Question

The sequence {S_n} defined by \(S_{n+1}=\sqrt{7+S_n}, \ S_1 = \sqrt{7}\) converges to
1. Positive root of x² - x - 7 = 0
2. Negative root of x² - x - 7 = 0
3. Positive root of x² + x - 7 = 0
4. Negative root of x² + x - 7 = 0

Answer 1

Correct Answer - Option 1 : Positive root of x² - x - 7 = 0

Given:

\({S_{n + 1}} = \sqrt {7 + {S_n}}\) 

\({S_1} = \sqrt 7 \) 

Analysis:

\({S_2} = \sqrt {7 + \sqrt 7 }\) 

\({S_3} = \sqrt {7 + \sqrt {7 + \sqrt 7 } }\) 

\(\mathop {\lim }\limits_{n \to \infty } {S_{n + 1}} = \sqrt {7 + \sqrt {7 + \sqrt {7 + \ldots } } }\)       ---(1)

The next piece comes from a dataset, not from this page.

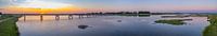 Zomerse zonsondergang over een brug over het Reevediep tijdens een prachtige zomeravond in augustus bij Kampen in Overijssel. Panorama uitzicht op grote hoogte.

Let \(\sqrt {7 + \sqrt {7 + \sqrt {7 + \ldots } } } = x\) 

∴ \(x = \sqrt {7 + x} \)

x² = 7 + x

x² – x – 7 = 0

\(x = \frac{{1 \pm \sqrt {1 + 28} }}{2}\) 

As the series converges to a positive number

∴ Positive roots of x² – x – 7 is the solution.